- Opening Delimiter -

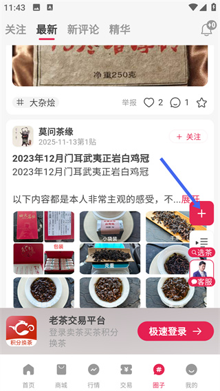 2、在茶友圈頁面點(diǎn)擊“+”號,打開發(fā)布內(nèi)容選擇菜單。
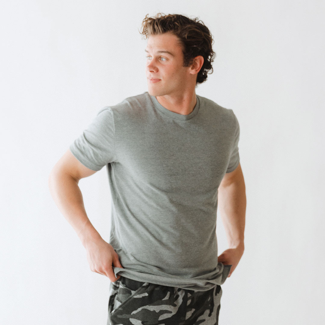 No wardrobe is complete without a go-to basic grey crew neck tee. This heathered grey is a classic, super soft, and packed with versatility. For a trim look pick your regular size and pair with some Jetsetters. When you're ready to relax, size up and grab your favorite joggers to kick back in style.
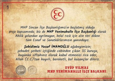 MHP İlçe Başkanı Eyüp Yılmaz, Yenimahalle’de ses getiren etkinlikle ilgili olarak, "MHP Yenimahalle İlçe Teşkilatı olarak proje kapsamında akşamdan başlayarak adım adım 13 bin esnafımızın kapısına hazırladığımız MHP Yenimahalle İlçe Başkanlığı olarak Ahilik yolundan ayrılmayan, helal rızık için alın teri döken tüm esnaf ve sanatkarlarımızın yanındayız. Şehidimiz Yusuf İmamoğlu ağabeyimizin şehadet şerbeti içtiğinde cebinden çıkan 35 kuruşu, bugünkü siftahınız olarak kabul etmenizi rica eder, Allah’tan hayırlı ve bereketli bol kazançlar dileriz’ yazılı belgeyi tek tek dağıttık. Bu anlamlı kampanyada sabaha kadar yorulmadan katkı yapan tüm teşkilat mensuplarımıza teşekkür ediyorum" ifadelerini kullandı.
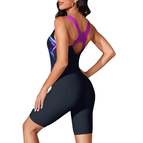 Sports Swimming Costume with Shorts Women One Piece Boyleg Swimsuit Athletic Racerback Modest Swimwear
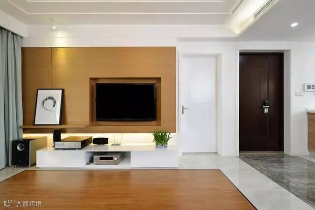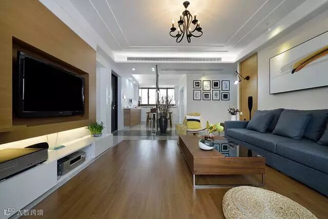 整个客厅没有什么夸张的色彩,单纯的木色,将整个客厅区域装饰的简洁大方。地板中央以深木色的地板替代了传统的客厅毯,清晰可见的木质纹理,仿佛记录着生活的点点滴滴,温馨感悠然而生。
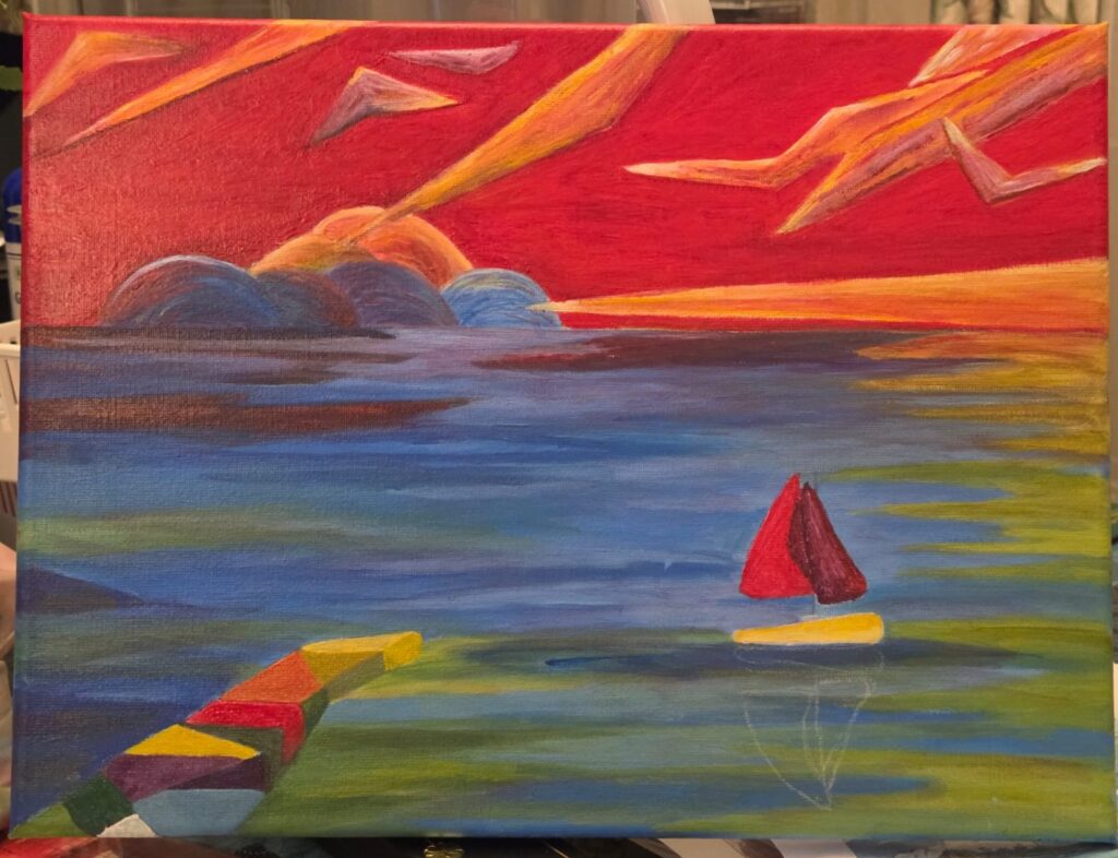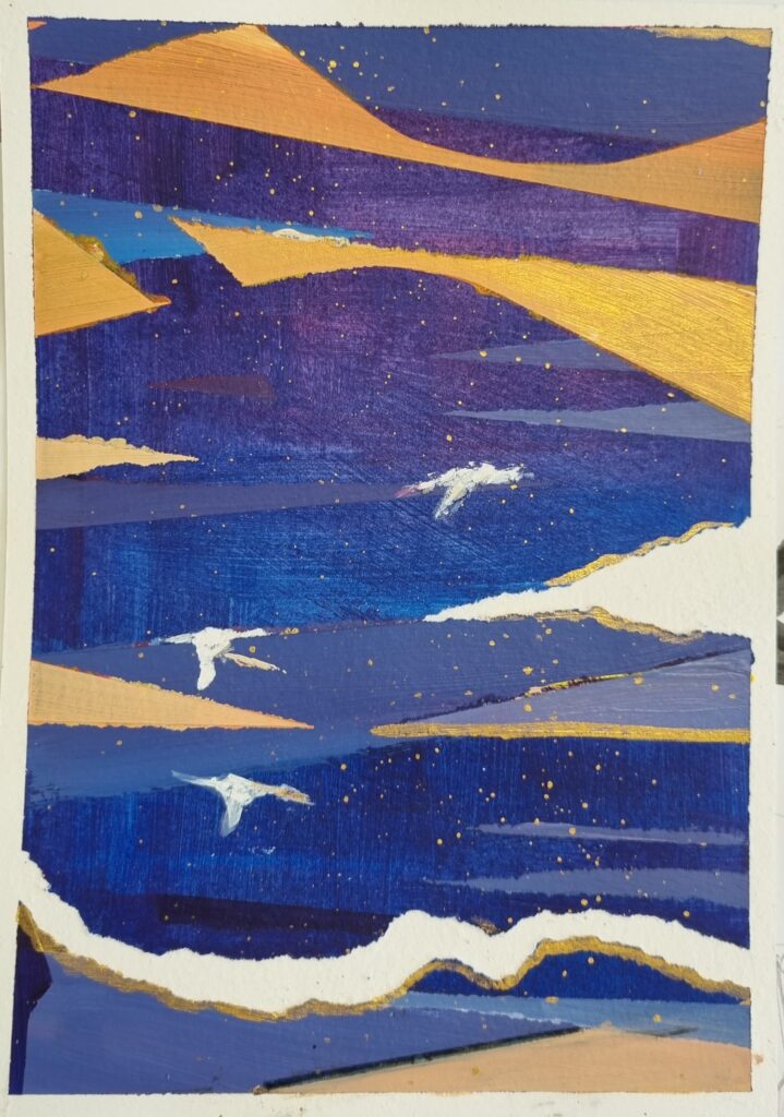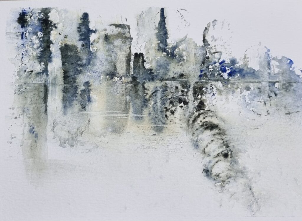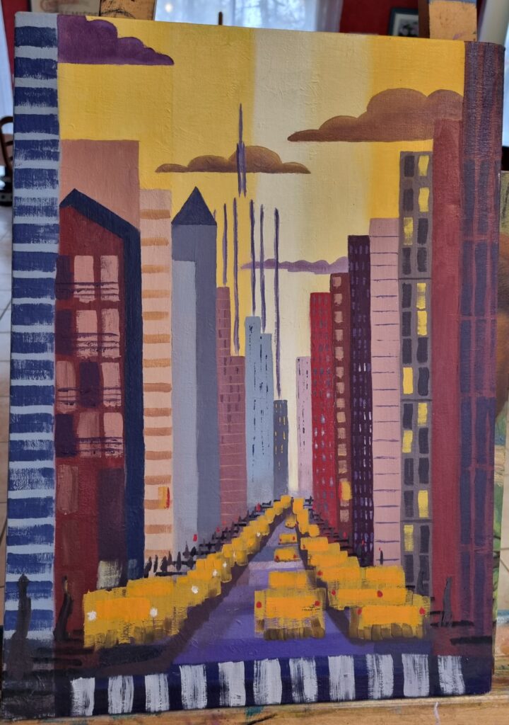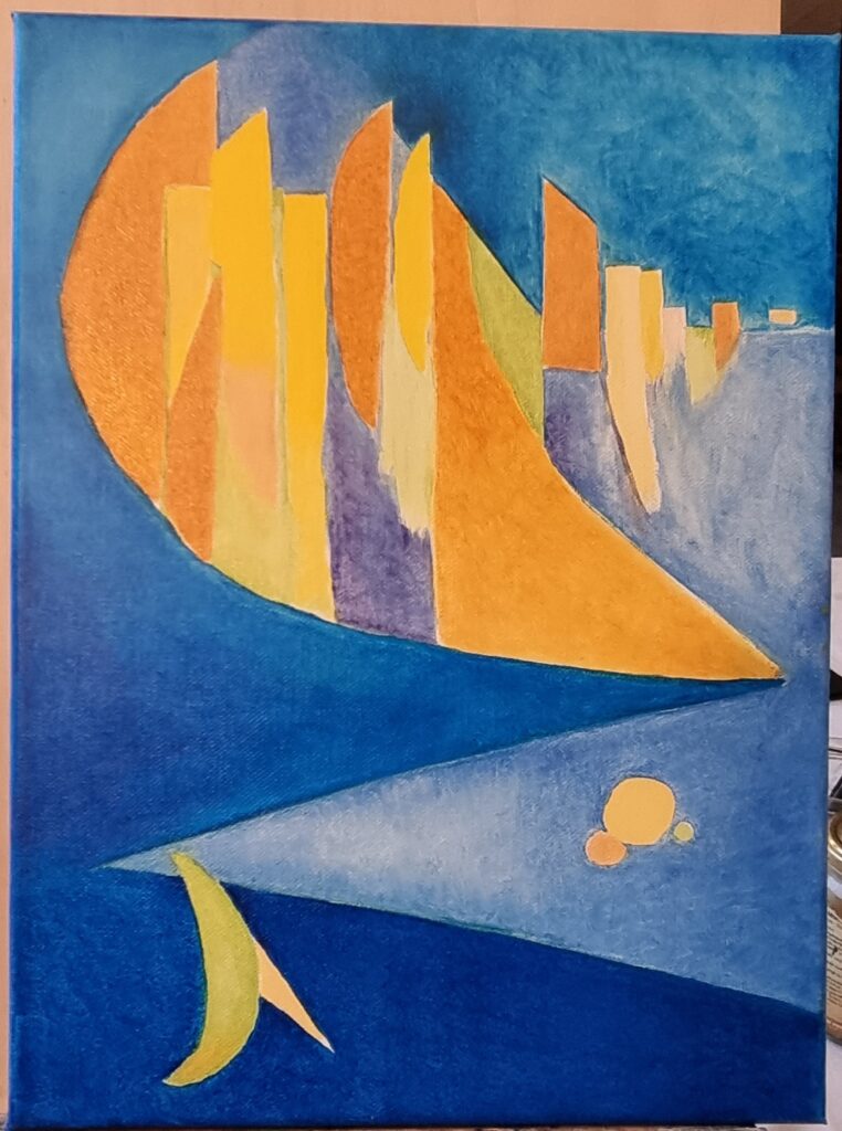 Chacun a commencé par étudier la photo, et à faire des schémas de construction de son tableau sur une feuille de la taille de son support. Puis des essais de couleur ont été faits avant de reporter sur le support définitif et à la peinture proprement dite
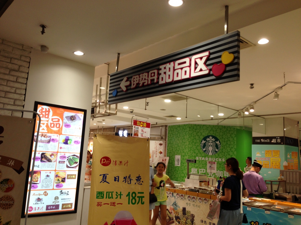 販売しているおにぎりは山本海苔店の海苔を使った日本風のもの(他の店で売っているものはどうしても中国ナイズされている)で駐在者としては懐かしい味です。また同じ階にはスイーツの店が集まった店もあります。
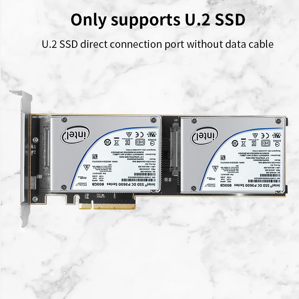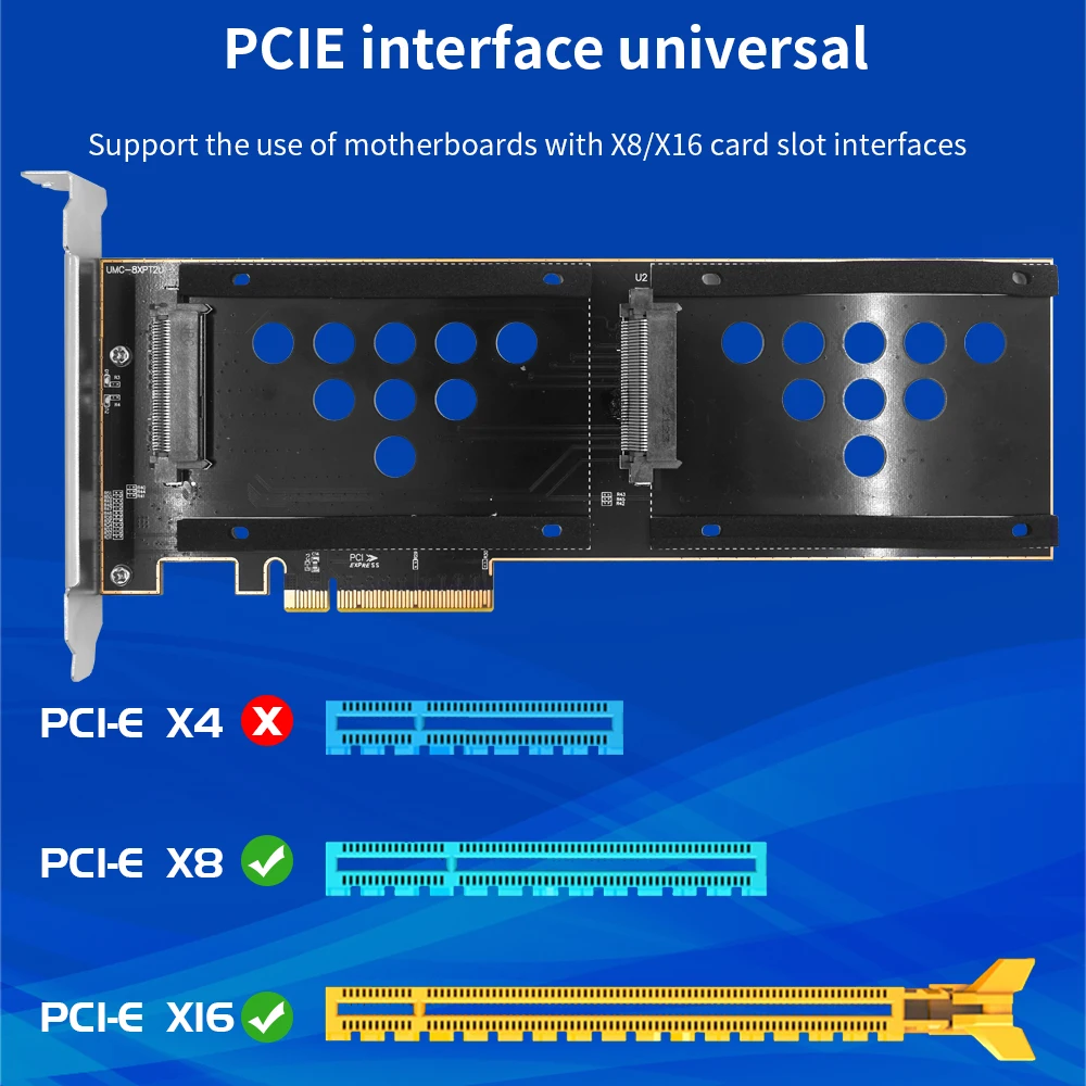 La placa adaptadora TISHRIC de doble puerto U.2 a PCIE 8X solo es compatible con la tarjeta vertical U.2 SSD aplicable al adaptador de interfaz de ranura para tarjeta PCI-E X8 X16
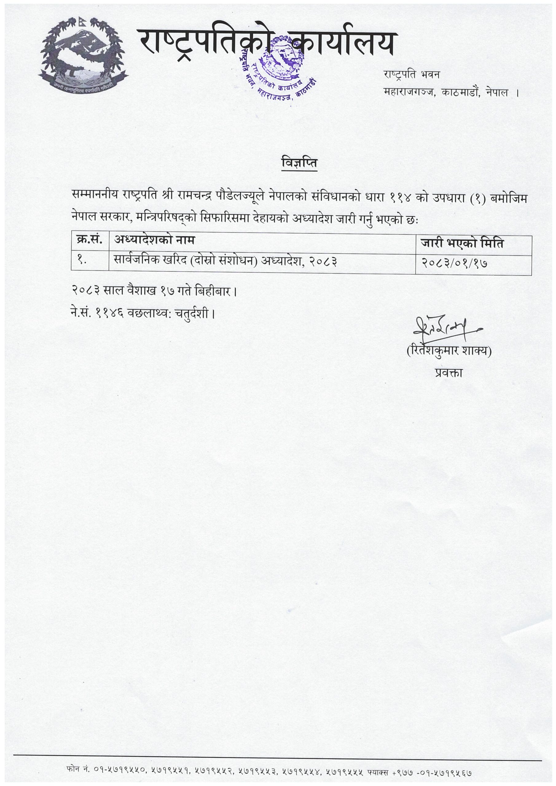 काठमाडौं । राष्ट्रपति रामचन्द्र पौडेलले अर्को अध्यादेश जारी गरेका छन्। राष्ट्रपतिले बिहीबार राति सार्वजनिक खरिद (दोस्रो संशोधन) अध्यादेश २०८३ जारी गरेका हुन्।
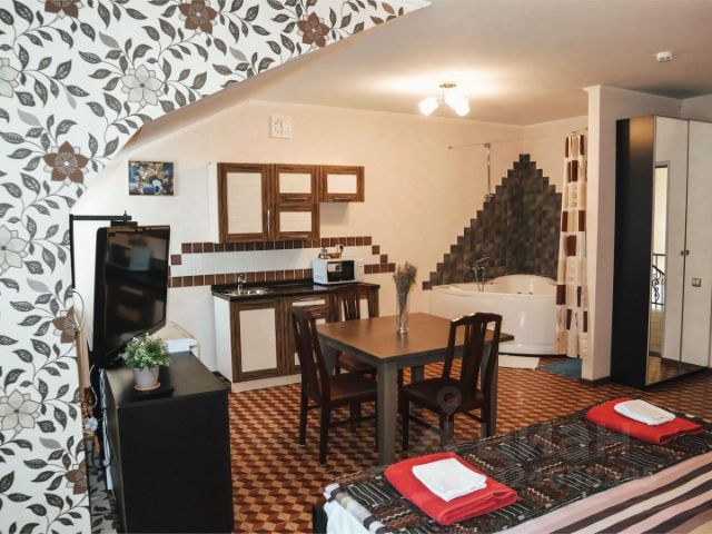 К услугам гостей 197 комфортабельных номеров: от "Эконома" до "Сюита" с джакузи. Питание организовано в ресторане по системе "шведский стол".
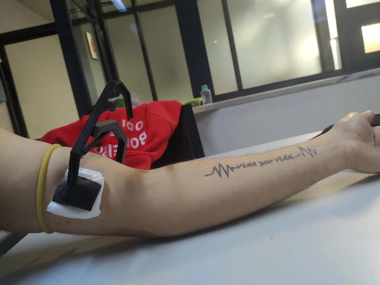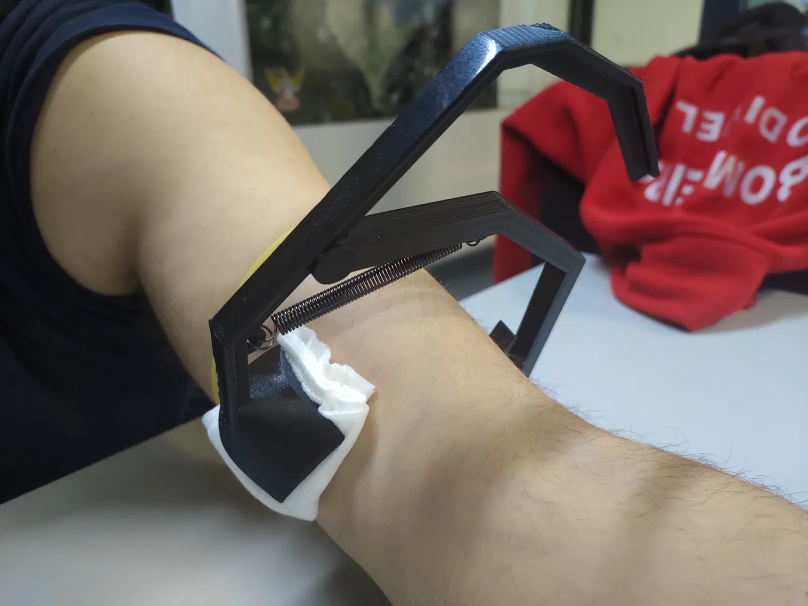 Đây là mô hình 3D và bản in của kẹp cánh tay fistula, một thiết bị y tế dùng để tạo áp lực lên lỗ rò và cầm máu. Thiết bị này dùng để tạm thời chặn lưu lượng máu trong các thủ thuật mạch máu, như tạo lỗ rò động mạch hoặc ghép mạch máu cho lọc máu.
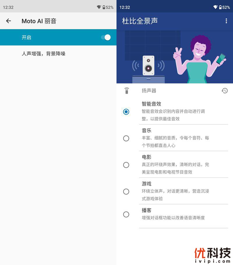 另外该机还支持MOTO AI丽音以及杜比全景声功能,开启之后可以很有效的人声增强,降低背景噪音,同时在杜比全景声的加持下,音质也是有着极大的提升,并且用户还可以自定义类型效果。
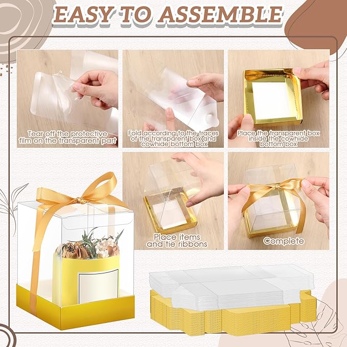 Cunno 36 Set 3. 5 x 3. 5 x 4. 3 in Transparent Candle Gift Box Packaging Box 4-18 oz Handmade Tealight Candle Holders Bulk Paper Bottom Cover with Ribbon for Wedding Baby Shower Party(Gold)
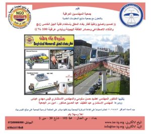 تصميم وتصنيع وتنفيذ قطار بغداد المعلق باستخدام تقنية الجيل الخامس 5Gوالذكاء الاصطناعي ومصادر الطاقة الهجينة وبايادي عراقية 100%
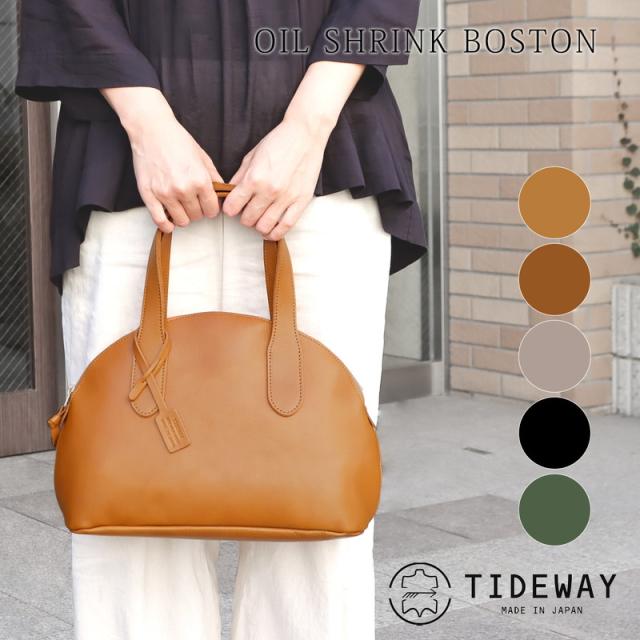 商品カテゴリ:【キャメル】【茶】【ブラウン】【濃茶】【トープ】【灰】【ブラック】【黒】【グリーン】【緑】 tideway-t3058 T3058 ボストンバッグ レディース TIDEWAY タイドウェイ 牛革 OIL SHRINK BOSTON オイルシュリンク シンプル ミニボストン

- Closing Delimiter -

**What this task involves**
Repeat the lines above exactly, beginning with the one containing "另外该机还支持MOTO AI" and finishing with the one containing "تصميم وتصنيع وتنفيذ". No pictures belong in the copy.

**Response to the exercise**
 另外该机还支持MOTO AI丽音以及杜比全景声功能,开启之后可以很有效的人声增强,降低背景噪音,同时在杜比全景声的加持下,音质也是有着极大的提升,并且用户还可以自定义类型效果。
 Cunno 36 Set 3. 5 x 3. 5 x 4. 3 in Transparent Candle Gift Box Packaging Box 4-18 oz Handmade Tealight Candle Holders Bulk Paper Bottom Cover with Ribbon for Wedding Baby Shower Party(Gold)
 تصميم وتصنيع وتنفيذ قطار بغداد المعلق باستخدام تقنية الجيل الخامس 5Gوالذكاء الاصطناعي ومصادر الطاقة الهجينة وبايادي عراقية 100%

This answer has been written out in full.